* [Assignment]
Output the data below exactly, images excluded.

*** Source data ***

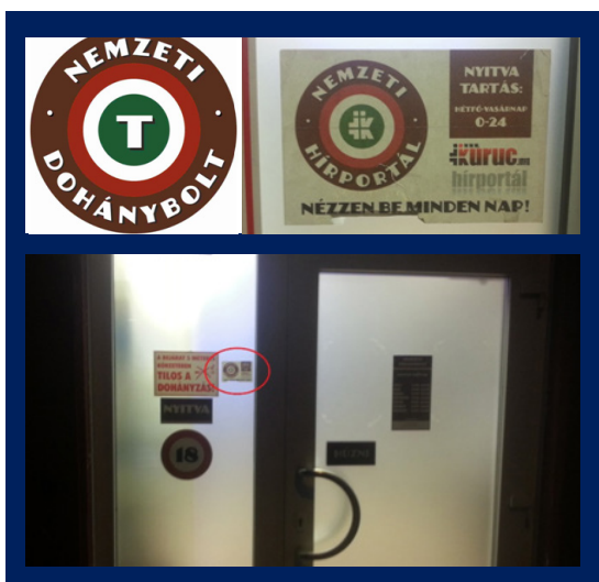
A képeken látható a Nemzeti Dohánybolt és a Nemzeti Hírportál „logója” közötti hasonlóság.

Február 2-án a Tett és Védelem Alapítvány munkatársa egy kuruc.info portált hirdető matricát fényképezett a Budapest III. kerületi, Zemplén Győző utcában található Nemzeti Dohánybolt bejárata melletti üvegén. A matricán a kuruc.info portált – a Nemzeti Dohánybolt logójának stílusjegyeit felhasználva – „Nemzeti Hírportál”-nak aposztrofálják, valamint buzdítanak, hogy „Nézzén be minden nap!”
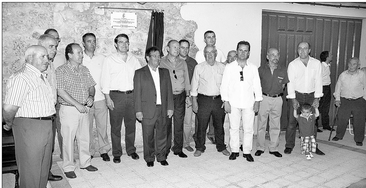
El consejero de Interior y Justicia descubrió una placa en la plaza del Corrillo de Calzada de Valdunciel
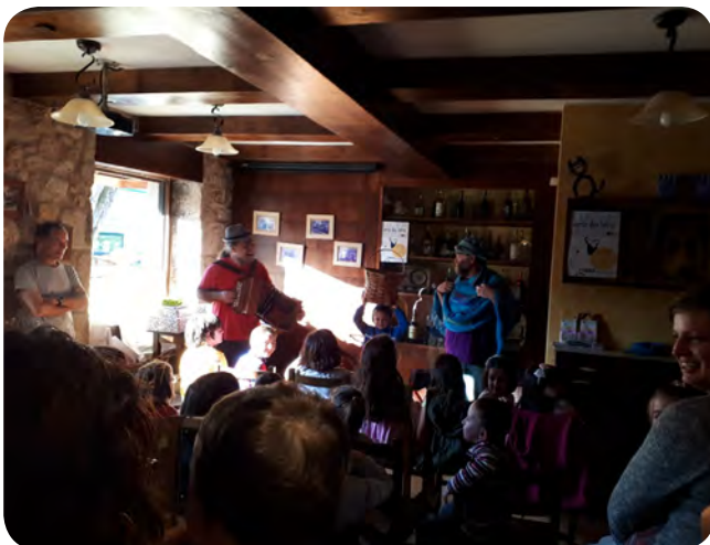
Entrega de premios do Concurso do Serán das Letras da Asociación Cultural San Campio.

*** End of Source data ***

* [Response area]
A képeken látható a Nemzeti Dohánybolt és a Nemzeti Hírportál „logója” közötti hasonlóság.

Február 2-án a Tett és Védelem Alapítvány munkatársa egy kuruc.info portált hirdető matricát fényképezett a Budapest III. kerületi, Zemplén Győző utcában található Nemzeti Dohánybolt bejárata melletti üvegén. A matricán a kuruc.info portált – a Nemzeti Dohánybolt logójának stílusjegyeit felhasználva – „Nemzeti Hírportál”-nak aposztrofálják, valamint buzdítanak, hogy „Nézzén be minden nap!”
El consejero de Interior y Justicia descubrió una placa en la plaza del Corrillo de Calzada de Valdunciel
Entrega de premios do Concurso do Serán das Letras da Asociación Cultural San Campio.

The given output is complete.